Published by G.P. Putnam's Sons on October 4, 2022
Righteous Prey is a Lucas Davenport and Virgil Flowers crossover novel. Davenport novels are usually a bit darker than Flowers novels. Righteous Prey is essentially a buddy novel that balances humor and darkness. Davenport and Flowers banter their way through the plot as they try to stop five killers who are targeting assholes. The reader might have trouble deciding whether to cheer for the killers or for the cops.
Five billionaires who became wealthy through bitcoin investments are bored. They meet Vivian Zhao at a bitcoin convention. Zhao persuades them that the country is full of assholes who need killing and that people with money and time on their hands are well positioned to kill them. Zhao doesn’t have money of her own but she’s full of anger, largely because she doesn’t have money of her own. She’s taking out her anger on assholes by organizing a group that identifies itself as The Five. Each killing is accompanied by a press release taking credit for making the world a better place, one asshole at a time.
Readers who condemn John Sandford for being liberal (Amazon “reviews” suggest that those readers are plentiful) might be happy to learn that the killers are liberals. They are, at least, fed up with conservative and/or racist assholes. One victim is a criminal who preys on elderly Asians. One is a corrupt Texas politician who rails against migrants. One operates a hedge fund that acquires businesses and fires their employees. One might as well be Alex Jones.

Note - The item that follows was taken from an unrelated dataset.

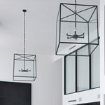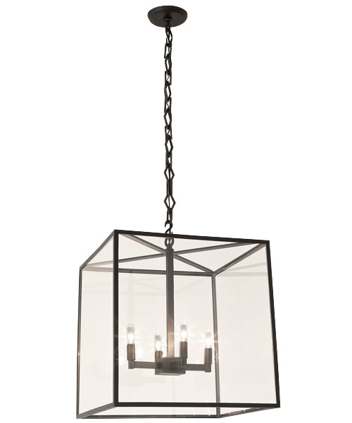 22" H x 22" W Textured black finish Supplied with 3' diamond chain 4 25W mini showcase bulbs

Sandford likes to play with the professional rivalries between the FBI, the federal Marshals, and state or local cops. The “real cops” view the FBI’s “Special Agents” as useless, a perception that Sandford borrows from the real world. In this novel as in many of Sandford’s, all law enforcers not named Davenport or Flowers are just getting in the way.

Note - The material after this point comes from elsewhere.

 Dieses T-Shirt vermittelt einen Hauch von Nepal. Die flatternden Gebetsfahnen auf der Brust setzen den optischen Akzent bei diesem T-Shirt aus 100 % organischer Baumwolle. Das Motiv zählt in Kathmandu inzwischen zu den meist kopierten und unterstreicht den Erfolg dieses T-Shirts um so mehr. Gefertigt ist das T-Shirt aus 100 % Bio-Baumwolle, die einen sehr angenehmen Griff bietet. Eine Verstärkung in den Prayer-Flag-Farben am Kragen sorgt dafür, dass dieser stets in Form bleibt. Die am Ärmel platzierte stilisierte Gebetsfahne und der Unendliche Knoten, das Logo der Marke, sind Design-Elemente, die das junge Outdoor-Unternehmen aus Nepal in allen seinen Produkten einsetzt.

The novel makes a strong indictment of bump stocks (as did the shooter in the Las Vegas massacre), not that the NRA or Republican state attorneys general care about mass shootings. To a lesser extent (primarily through a brief televised appearance by the wives of Davenport and Flowers), the novel spotlights ghost guns and suppressors, contributors to gun violence that don’t seem to be on any national politician’s radar.
The plot’s lighter side focuses on banter about Flowers’ fledgling career as a thriller novelist. He is finishing his second novel and just signed a contract for a third. I enjoyed the Inside Baseball view of publishing — just enough information to offer a glimpse of writing as a profession without bogging down the story. The best advice Flowers gets is from another cop: “Don’t make your hero into superman. . . . You know, they’re in thirty-two gunfights in three days against a hundred terrorists and get a flesh wound in the shoulder.” That’s a pet peeve I share, although it’s even worse in movies than in novels.

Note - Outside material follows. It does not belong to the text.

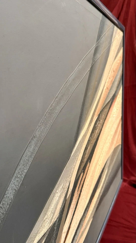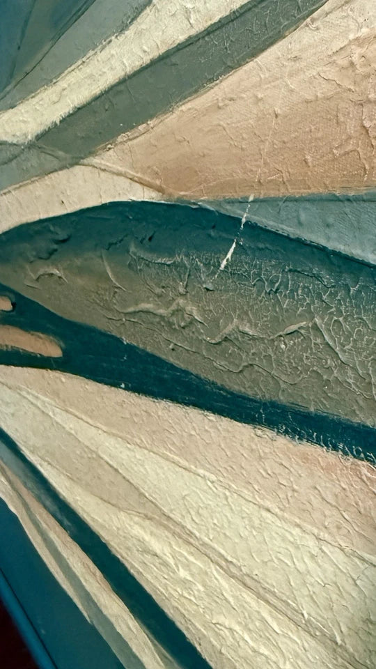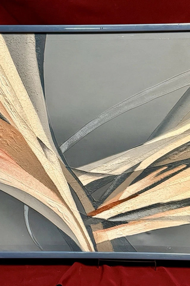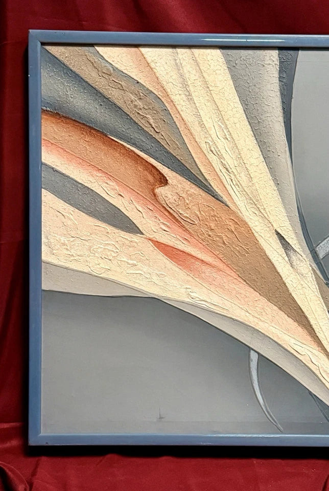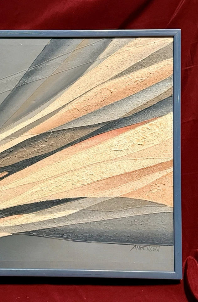 This is a vintage, original abstract painting created by artist Anderson using oil on canvas. The painting is framed and signed by the artist, and it measures 62 inches in height, 32 inches in length, and 2 inches in width. The painting features an abstract style and is a single-piece work.

Fortunately, Sandford limits the shootouts but still manages to keep the story in motion. Action doesn’t always need to consist of gunplay and fistfights, although there is a realistic gunfight at the novel’s end. Sandford is never afraid to have Lucas and/or Flowers sustain more than a flesh wound, but in the interest of avoiding spoilers, I won’t discuss the battle’s outcome. It suffices to say that this is a thriller with real thrills and that bullets fired rapidly with a bump stock have consequences.
There isn’t much to say about a Sandford novel. They’re always compulsively readable. This one is no exception. The Inside Baseball paragraphs about writing explain how to make a decent income writing thrillers. Not everyone can do it. Sandford deserves every penny he earns.